For individuals to have a real chance of attaining their true potentials, for them to attain “self-actualization,” he argued that their basic needs, their primitive survival and physiological needs, must first be met before they can advance to more complex aesthetic and cognitive needs.

These initial “Deficit Needs” include four levels of requirements without which the individual feels a deficit. The initial two levels, though, are where the government must intervene whenever anyone goes without.

These include Survival Needs and Physiological Needs to maintain health including oxygen, water, protein, minerals and vitamins, pH balance, temperature (98.6 or near), sleep, the ability to get rid of wastes (CO2, sweat, urine, feces), and to avoid pain.

Several forward-thinking legislators and economists are looking at strategies – possibly not-so-coincidentally falling within Maslow’s first and second levels of needs – that are working in other democratic countries with significantly smaller wealth gaps and physically healthier populations.

Some of these policies include, but are not limited to:

· Government-sponsored guaranteed universal healthcare
· Government and pharmaceutical companies negotiating reasonably-priced affordable prescription drugs
· High quality government-sponsored education
· Affordable child care for working parents and guardians
· Maternal and paternal paid family leave and paid vacations
· Need-dependent housing subsidies
· Guaranteed sustainable minimum wages, and in some nations, minimum annual incomes
· Income guarantees for a secure retirement
· Equitable progressive tax rates with no special loop-holes for corporations and the rich

No, this is not pie-in-the-sky idealism.
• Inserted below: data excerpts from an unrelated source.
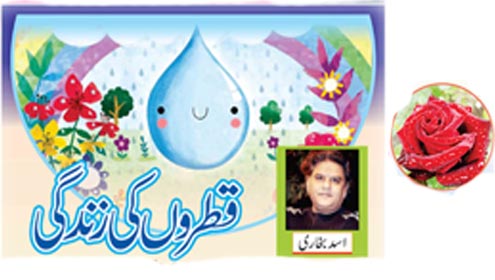 گول مٹول قطرے ہوا میں رئوئی کی طرح بادلوں پر آہستہ آہستہ حرکت کررہے تھے ۔کچھ نے اپنی آنکھیں بند کی ہوئی تھیں،کچھ اُونگھ رہے تھے اور کچھ آسمان کے نظارے کر رہے تھے۔ انہیں اپنا وجود بہت اچھا لگ رہا تھا اور جب وہ زمین کی طرف دیکھتے تواُن کا دل نیچے جانے کو نہیں کرتا ۔بس اُن کا دل کرتا کہ ہم یوں ہی بادلوں پر تیرتے رہیں۔ اُن میں ایک قطرہ ایسا بھی تھا جو نیچے جانا چاہتا تھا اور وہ دیکھنا چاہتا تھا کہ زمین پر کیا ہے ۔
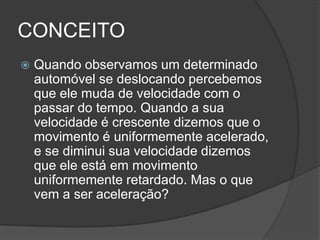 A aceleração é a taxa de variação da velocidade em relação ao tempo e é medida em m/s2. No movimento retilíneo uniforme a aceleração é nula, enquanto no movimento retilíneo uniformemente variado a velocidade varia de forma uniforme. A aceleração média é calculada pela fórmula am = ΔV/Δt, onde ΔV é a variação de velocidade e Δt o intervalo de tempo.
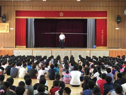本日で。1学期は、終了しました。講堂で終業式が行われました。校長先生からは、1学期の子どもたちのがんばりについて話をされました。中谷先生からは、交通事故に合わないように、水の事故に合わないよう、熱中症にならないように元気に2学期あえるようにという話をされました。思い出に残るいい夏休みにしてほしいとおもいます。
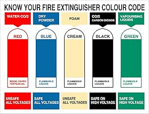 Fire Extinguisher Colour Codes Sign (300mm x 400mm ... from images-eu.ssl-images-amazon.com A) periodically inspecting each extinguisher; Selection of fire extinguishers there are a number of types of portable fire extinguishers available in australia. You can usually find them in hallways, laundry rooms, meeting rooms, kitchens, mechanical/electrical rooms, and near exit doors. Fire extinguishers are designed to tackle specific types of fire. This standard puts out a set of requirements related to portable extinguishers that are set up to be a first line of defense from a fire. An alternative method of extinguishing a class a fire is It is so important to know which fire extinguisher should be used depending on the fire source. Safety color code for marking physical hazards.
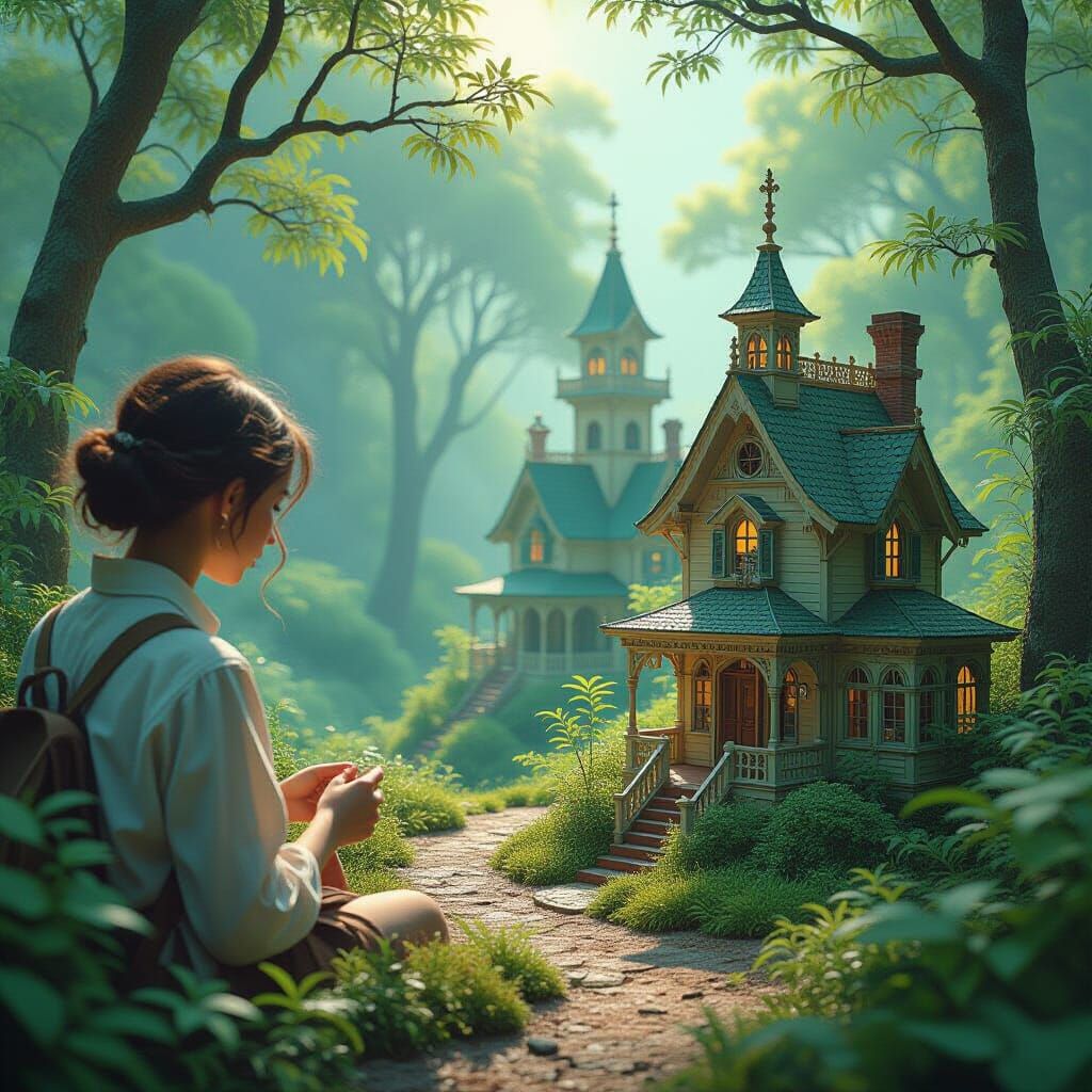 A captivating scene of a person discovering miniature worlds hidden within lush forests and ornate architecture. The image evokes a fantastical and dreamlike quality, rendered as vibrant digital art.
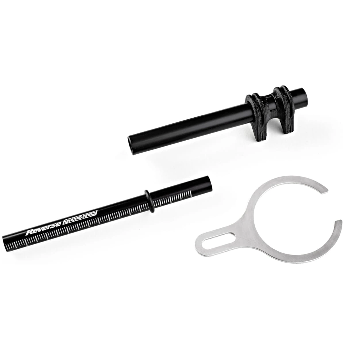 Elke motorrijder die de voorkeur geeft aan een stalen schokdemper op zijn motor weet dat het soms een beetje lastig is om de juiste sag te bepalen. Daarom heeft Reverse dit hulpmiddel ontwikkeld, dat aan de zijkant van de schokdemper wordt bevestigd en aan de hand van een schaalverdeling gemakkelijk af te lezen is hoeveel veerweg er wordt gebruikt of hoe diep de schokdemper doorhangt.
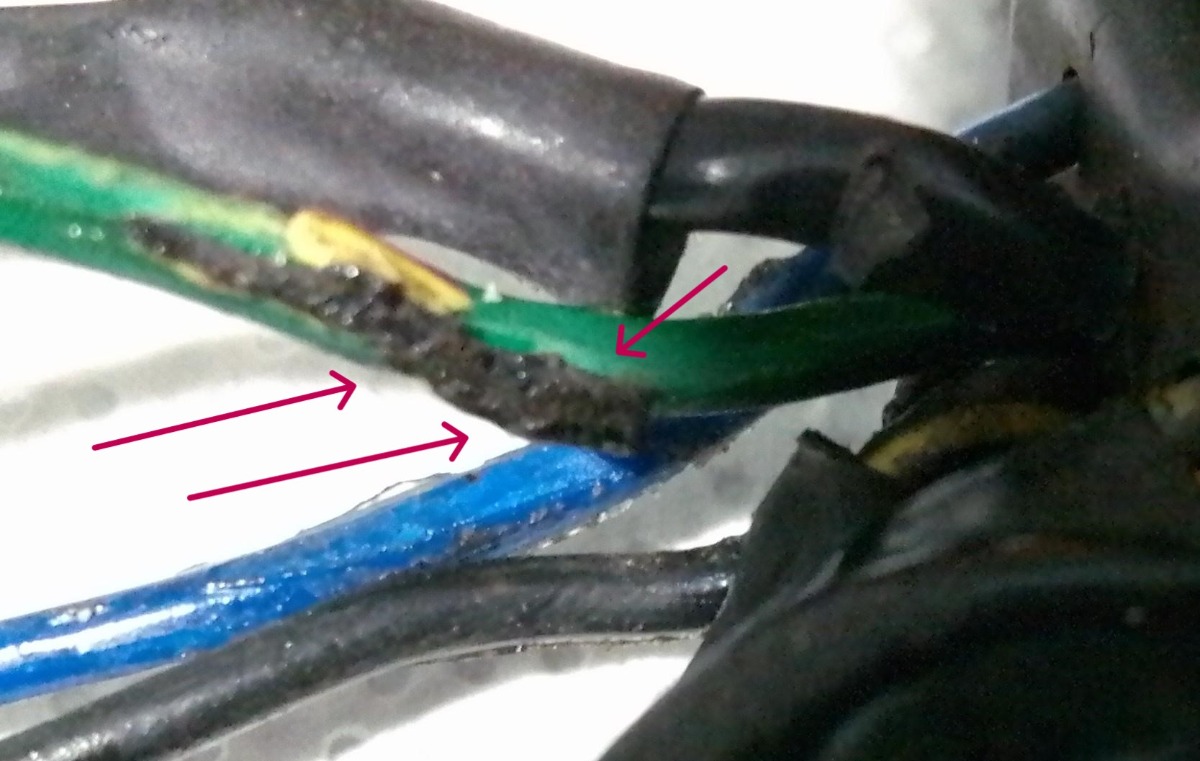 The green output wire still has traces of burnt plastic attached to it.

It is, rather, food-on-the-table realism.

Several extraordinarily privileged individuals and families throughout the generations have signed a “contract” by giving of themselves and their material wealth to improve the chances and conditions of people in the world community.

A good number of members of the Kennedy clan, for example, took up the challenge articulated by President John F. Kennedy on the Capitol grounds that cold January day in 1961: “Ask not what your country can do for you. Ask what you can do for your country.”
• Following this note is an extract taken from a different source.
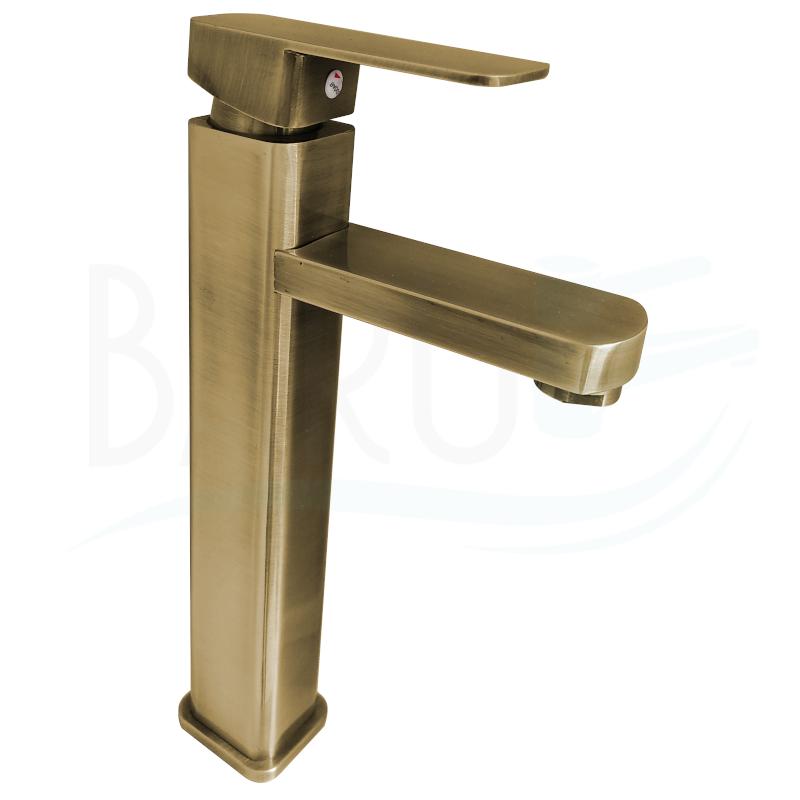 Mono control de lujo poste alto diseño cuadrado acabado Bronce para lavamanos de sobre poner
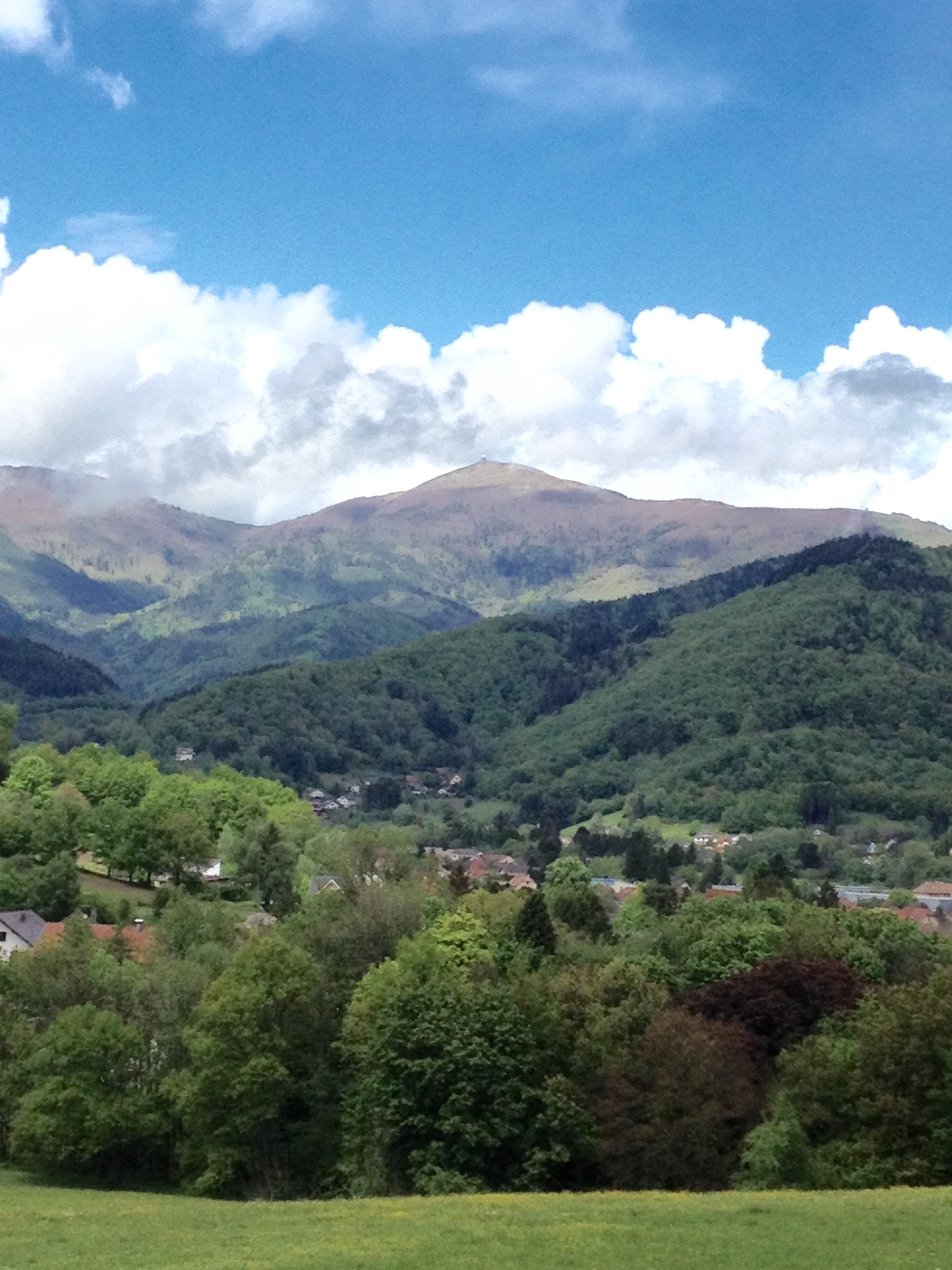The next day we drove to Servance so that we could ride the rest of the Trois Ballons route, which included Ballon d’Alsace and the Grand Ballon (appropriately the highest of the three at 1,504 metres). With other cols dotted here and there, this was a day of constant ascending and descending. The two 15km climbs up the Ballons were just what I needed and it was a great ride. Rain jackets were on and off all day, but there was a lot of sunshine too. We were fortunate not to be out in the thunderstorm that followed. In the car on the way back we witnessed an even greater storm than the previous day. Hardly need for headlights with all the lightning, though the windscreen wipers needed to go at triple speed!

John, his sisters and brothers, and generations of their descendants were weaned on the notion that with privilege comes responsibility forming a contract (commitment) to make society and the world a better place than when they entered it.

Some of the tangible outcomes from this family contract include the Peace Corps, VISTA (Volunteers In Service to America), Special Olympics, increased unemployment benefits, infrastructure improvement, the Civil Rights Law of 1964 and the Voting Rights Law of 1965, heating oil supplements for people in need, funding for public education and for the arts, increases in the minimum wage and social security benefits, improved housing, and many others.
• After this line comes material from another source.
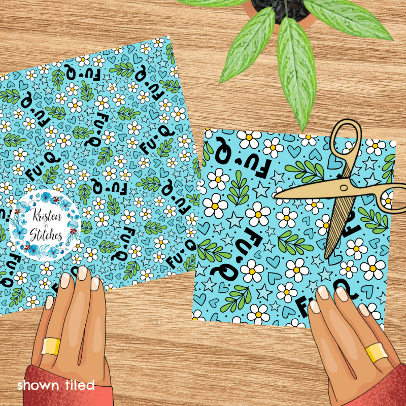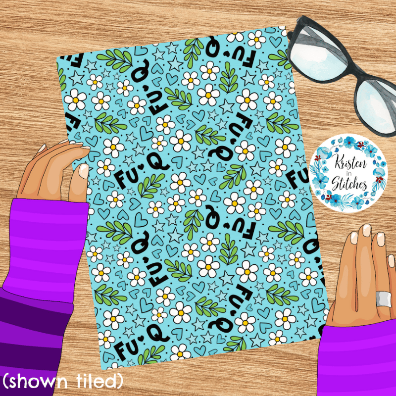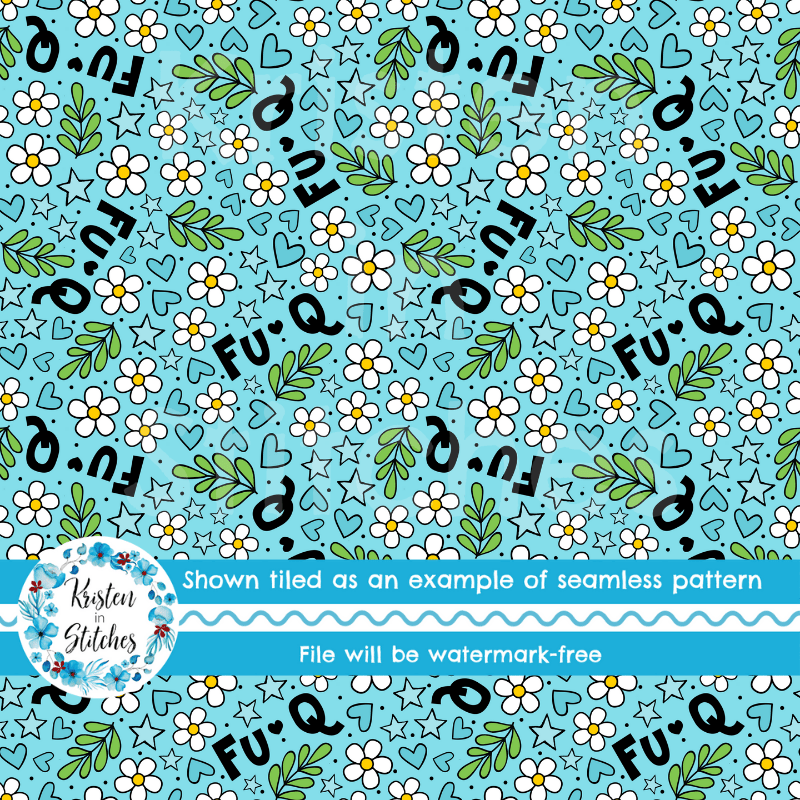 Fu-Q Sarcastic Floral Seamless Pattern, Sassy Words, Blue

While possibly motivated by good objectives, other people have failed miserably in their implementation, and, thereby, have created dangerous disconnections between their intent and their impact.

Quite obviously Ivanka Trump has no credibility in dictating proper policies for the working-classes in the United States. She, her daddy, and her siblings bask in wealth, privilege, and a sense of entitlement.

The Trumps represent the privileged who simply take what they have for granted seeing it as “normal” and earned. To them, enough is never enough.

The United States must no longer have to wait for the metaphoric “kindness of strangers” to contribute to the common good. We can no longer depend on the wealthy, the philanthropists, the Buffets, the Gates Foundation, or any charitable foundation to solve the massive inequities in this country.

Finally, and largely due to the highly visible courageous discussions initiated during the 2016 political campaign by Senator Bernie Sanders, the term “Democratic Socialist” is no longer an epithet, a dirty word thrown around by the owning classes to undermine challenges to their seemingly unbounded wealth far in excess of their actual needs and at the expense of the workers who created it.

If the United States is to survive as the experiment in democracy on which it was founded, it must, we must, redesign its economic policies and structures closer to those proposed by Sanders, Warren, and Ocasio-Cortez.